Saturday, 13 January 2007
New York State Finger Lakes winter lake-effect events: event characteristics
Much of the current knowledge regarding lake-effect snow storms is associated with large water bodies, such as the Great Lakes and the Great Salt Lake. Snowfall events attributed to small lakes (fetch < 100km) have received less attention, although significant snowfall totals have been documented with these systems. This study uses data from the eleven winters (October – March) of 1995 through 2006 to examine lake-effect systems in the Finger Lake region of New York State (NYS) and the atmospheric environments favorable for their development. WSR-88D radar data from Binghamton, NY was used to identify 125 lake-effect events which contained quasi-stationary precipitation bands aligned with a major-axis of one or more of the Finger Lakes. The lake-effect events were classified into three main categories: Finger Lakes (36), Lake Ontario-enhanced (57), and synoptic-enhanced (15). In addition, 17 cases occurred which transitioned from one main category to another during the lake-effect systems evolution.
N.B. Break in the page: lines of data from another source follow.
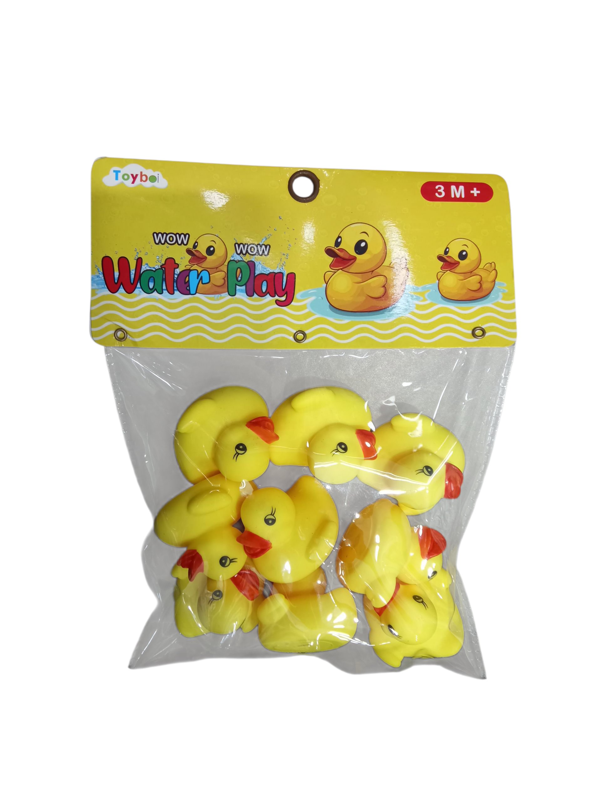 A set of multiple small, yellow, plastic or rubber ducks for bath time or general water play. The packaging is branded “Toybel,” labeled “WOW Water Play,” and is suitable for ages 3 months and up (3text{M+}).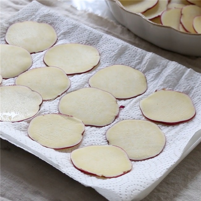 Khi khoai ngâm đủ thời gian thì vớt ra và thấm khô nước bằng giấy ăn.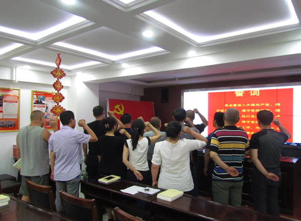 學習結束后,全體黨員面對黨旗,由黨總支書記謝利民領誓重溫入黨誓詞。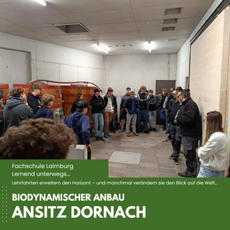 Während der Bio- und Nachhaltigkeits- und Innovationstage erhalten die Schülerinnen und Schüler tiefgehende Einblicke in ökologische Produktionsformen. Ein vielseitiges Programm mit Lehrfahrten, Fachvorträgen, Betriebsbesichtigungen und praxisnahen Workshops vermittelt anschaulich, wie nachhaltige Landwirtschaft, innovative Lebensmittelverarbeitung und bewusster Ressourceneinsatz zusammenwirken.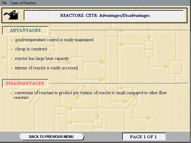 I forgot -- what were the pros and cons of using a CSTR? Let's take a look at the Advantages / Disadvantages section:
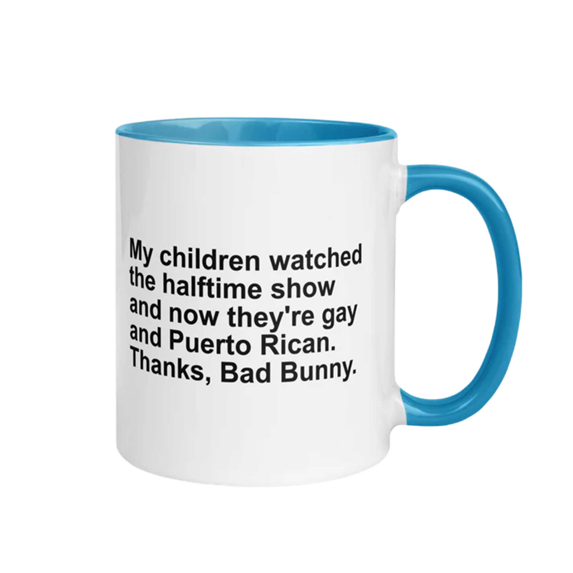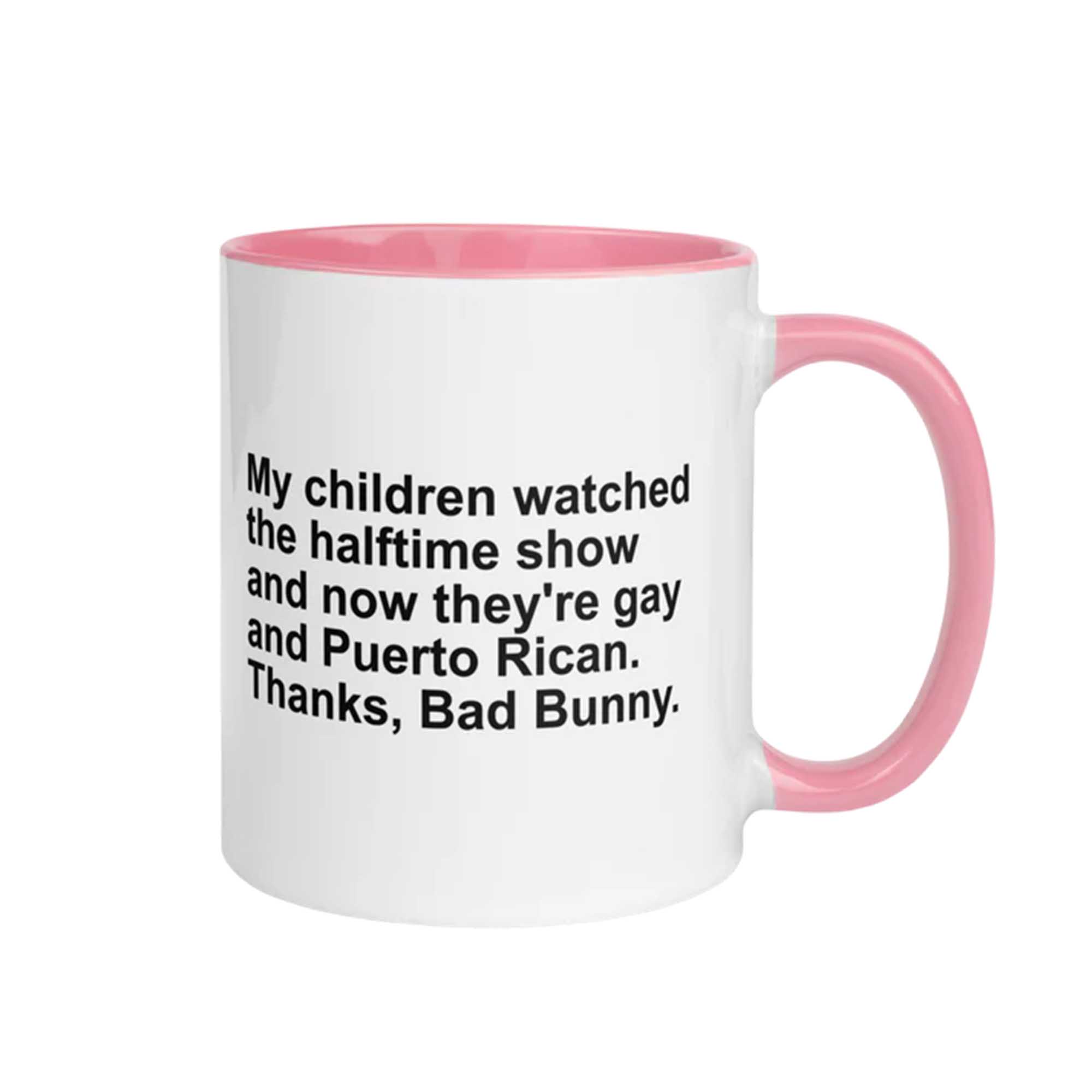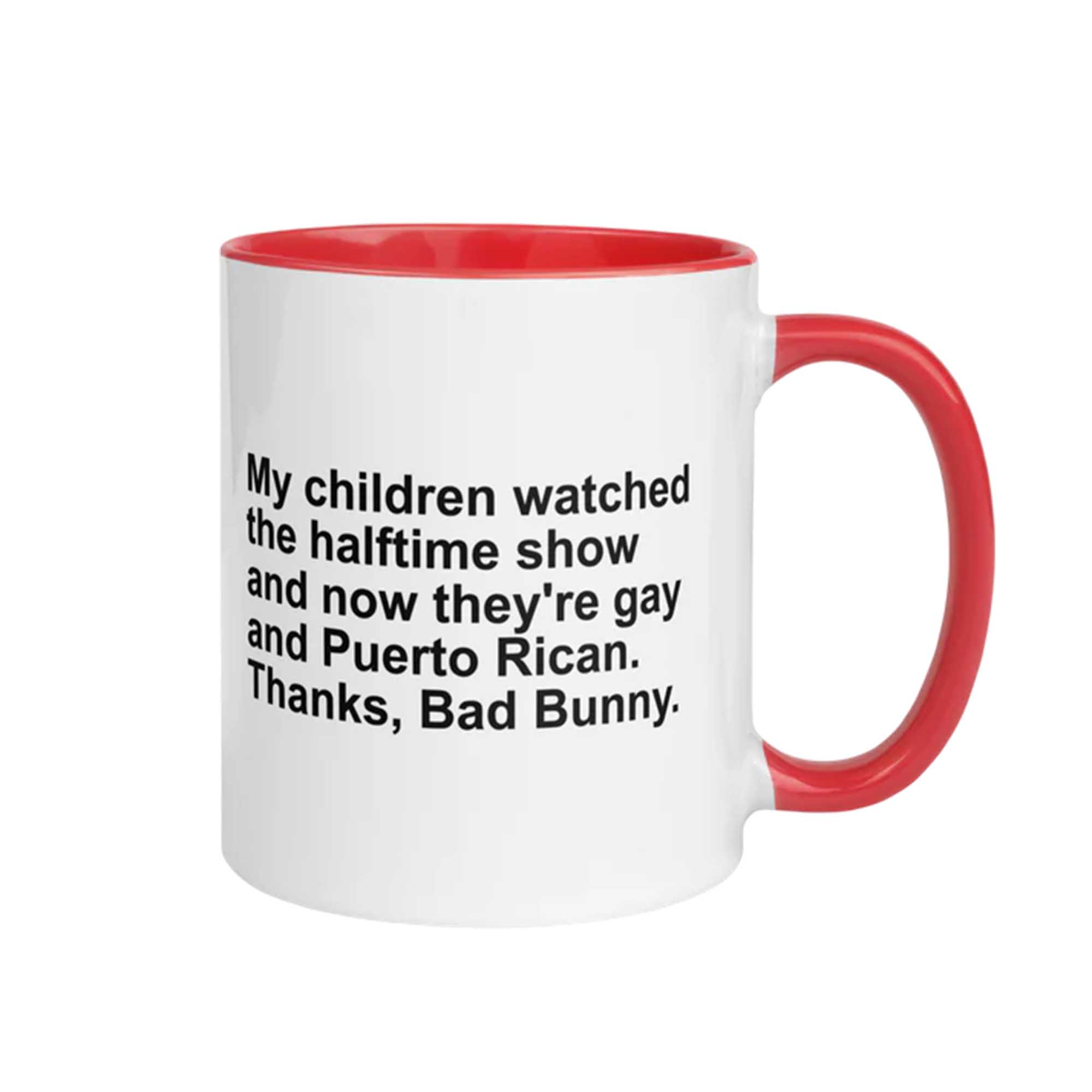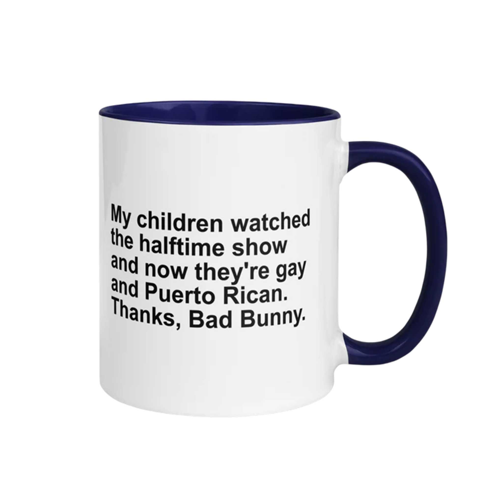 Following the heated online debate surrounding the mid-mid shows, humorous and satirical quotes quickly spread across social media. One standout quote is “My Kids Watched the Mid-Mid Show and Now They’re Gay and Puerto Rican.” This quote has become part of internet culture, reflecting humorously exaggerated reactions. The My Children Watched The Halftime Show And Now They’re Gay And Puerto Rican Mug captures that infectious energy in a fun way.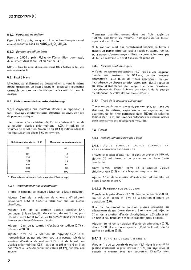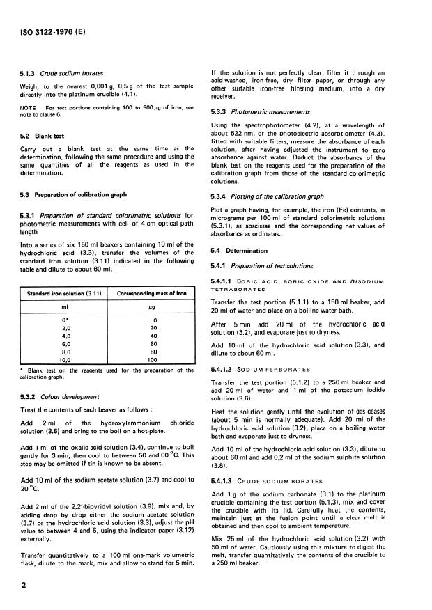 ISO 3122:1976 - Boric acid, boric oxide, disodium tetraborates, sodium perborates and crude borates for industrial use -- Determination of iron content -- 2,2'- Bipyridyl photometric method
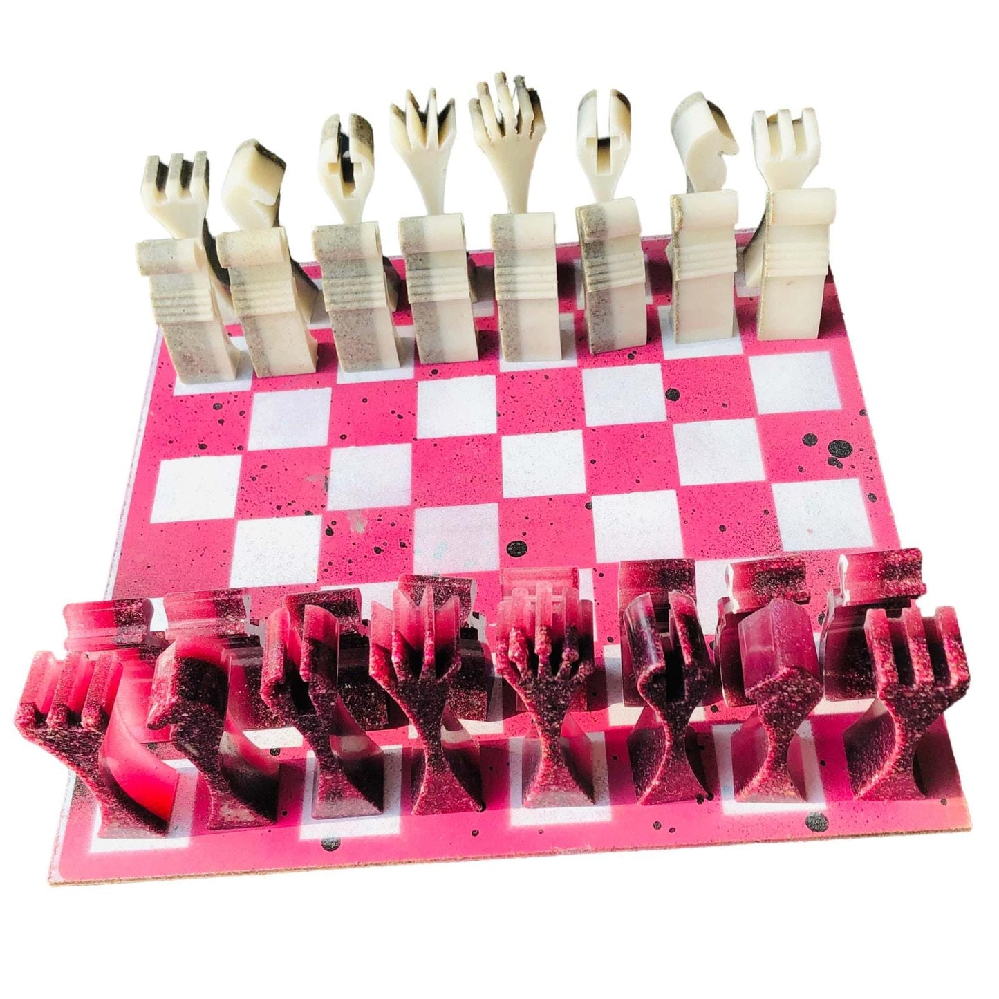 Introducing our exclusive Handcrafted Hardboard Chess Set, meticulously designed with precision and care. Measuring 12 inches by 12 inches, this chess set features a beautifully painted hardwood board that doubles as a work of art. Each set is a unique, one-of-a-kind creation, crafted by hand to ensure that no two sets are alike. Elevate your gaming experience with this exceptional chess set that combines vibrant design with the touch of artisan craftsmanship. This chess board comes with chess pieces.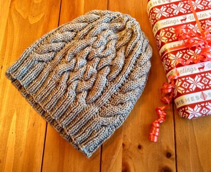 This bottom-up cabled hat has directions for 2 Adult sizes. Made with luscious Tosh Vintage in color Fallen Cloud, it can be made using any worsted weight yarn.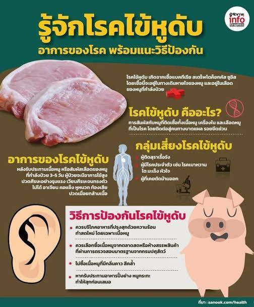 ทั้งนี้หากพบผู้มีอาการเสี่ยง เช่น ไข้สูง เวียนศีรษะ หูอื้อและมีประวัติรับประทาน สัมผัสหมูดิบทางบาดแผลแล้วมีอาการเข้าข่ายภายใน 7 วันหลังสัมผัสให้แนะนำพบแพทย์ทันที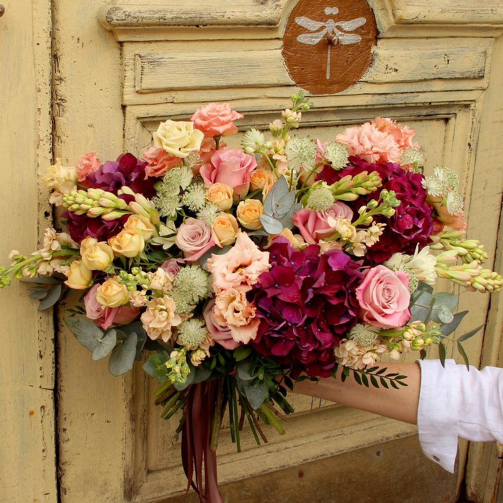 Раскидистый букет с гортензиями, эустомой, розами, маттиолой и эвкалиптом.Стильное цветочное решение для любого случая.Ширина букета около 60 сантиметров, высота букета около 60 сантиметров.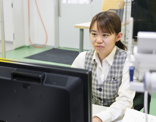 私は主に出荷を担当しています。梱包していただいた製品を、お客様ごとに配送の手配をする業務です。心がけているのは正確さ。間違いがいちばん駄目ですから、そうならないよう細心の注意を払っています。製品製造のための指示書をつくる作業もしていますので、仕入れ先様との関わりだとか、納期の調整、価格交渉などがやりがい。上手に展開できた瞬間に、嬉しさを感じます。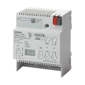 Siemens KNX/DALI Gateway Twin N 141/31 (5WG1141-1AB31) to bramka integrująca system KNX (TP1-256) z magistralą DALI, wyposażona w dwa niezależne interfejsy DALI (kanał A i B). Umożliwia sterowanie oświetleniem DALI (np. statecznikami/sterownikami z interfejsem DALI) oraz dwukierunkową komunikację zgodnie z IEC 62386 – wraz z odczytem informacji statusowych i komunikatów błędów z linii DALI. Urządzenie posiada zintegrowany zasilacz dla elektroniki oraz generuje napięcie magistrali DALI, dzięki czemu nie wymaga (ani nie dopuszcza) zewnętrznego zasilacza DALI.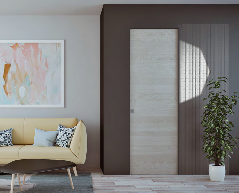 Scrigno es sinónimo de calidad funcional y estética: Essential permite que la puerta llegue a ras del perfil superior, no requiriendo ningún elemento adicional para cubrir el hueco entre la puerta y el travesaño, manteniendo así la estética minimalista que distingue a este producto.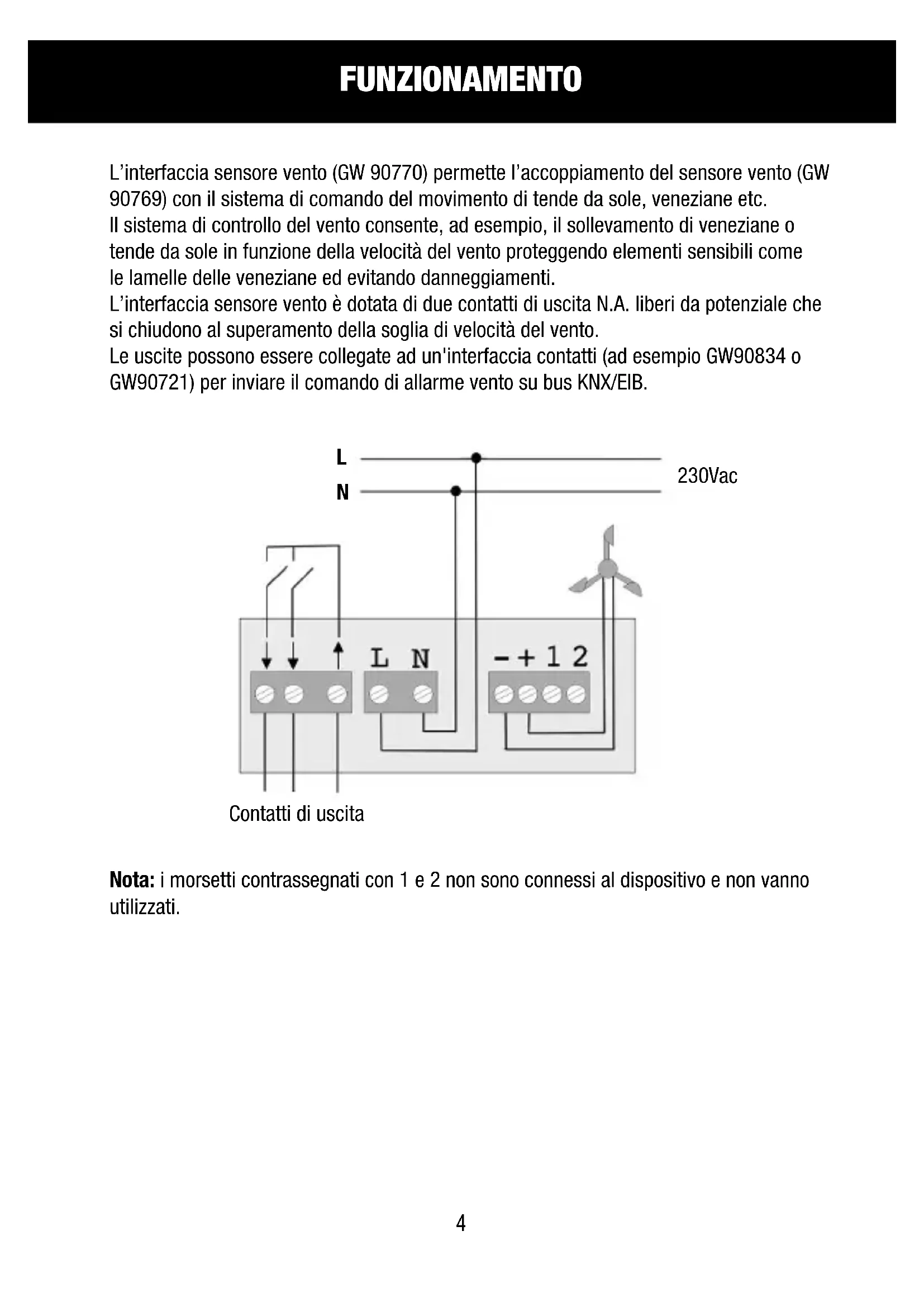 L'interfaccia sensore vento è dotata di due contatti di uscita N.A. liberi da potenziale che si chiudono al superamento della soglia di velocità del vento.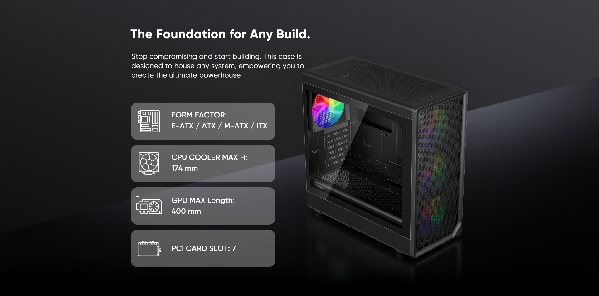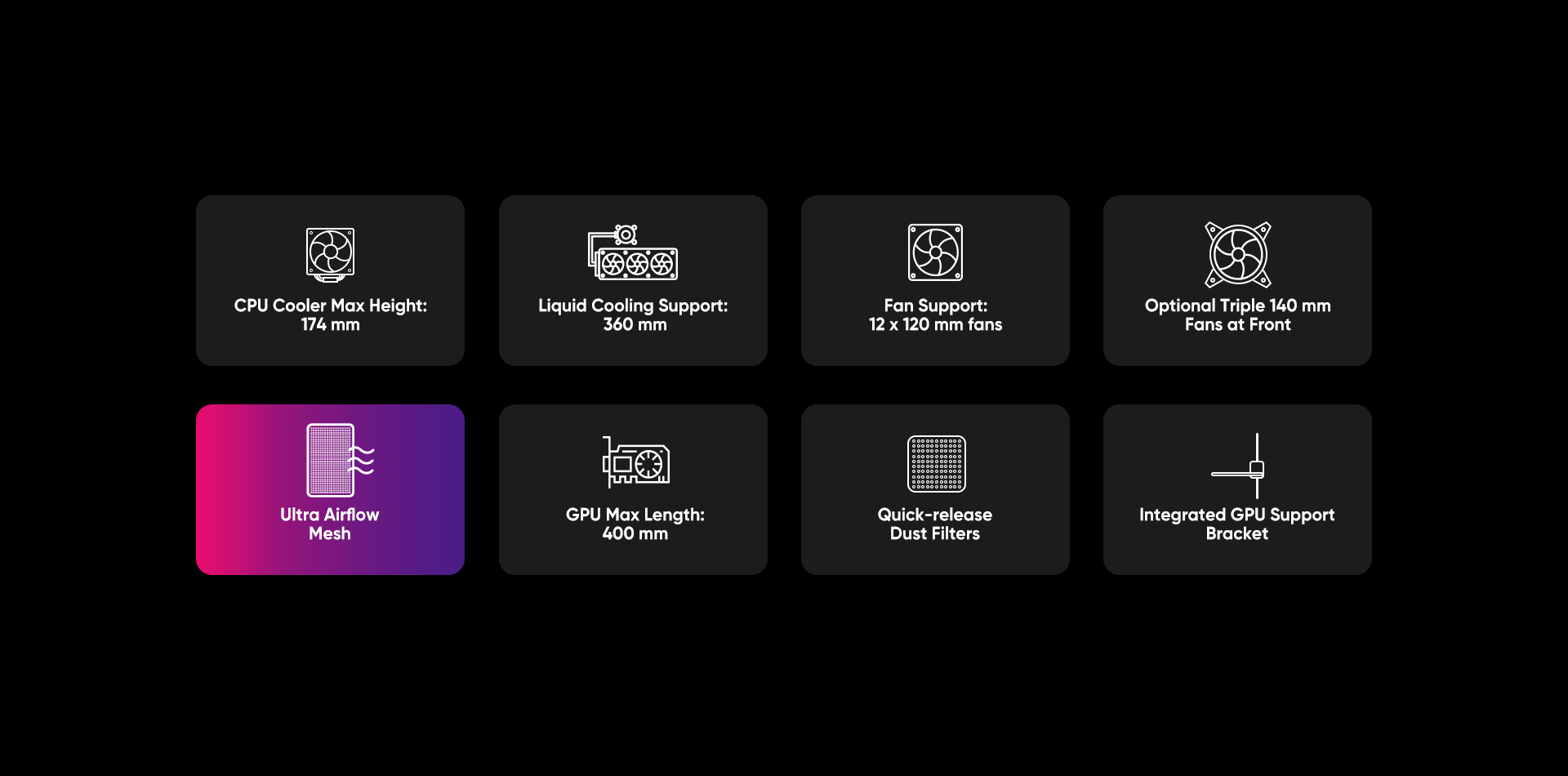 Magnetic-mount dust filters on both top and bottom simplify dust cleaning and upkeep

The frequency, duration, timing, and environmental conditions during the 125 events were examined. Lake-effect events were found to (a) have an average duration of 9.4 hours, with 75% of events lasting less than 14 hours, and (b) occur throughout the 6-month period. The largest frequency of events typically occurred in December, with an average of 3 events per year. October was shown to be the least active month averaging 1 event per year, with several of the identified events developing as lake-effect rain systems. Cayuga Lake, the second largest of the Finger Lakes, has the largest frequency of events during the winter. Analyses of lake-effect event onset and dissipation showed events predominantly began between 00 - 12 UTC in association with a trough or frontal passage and dissipated in the early evening as the linear precipitation bands transitioned into a field of widespread cellular convection. A comparison of NYS Finger Lakes events with the characteristics (e.g., timing and frequency) of Great Lakes lake-effect events will be presented.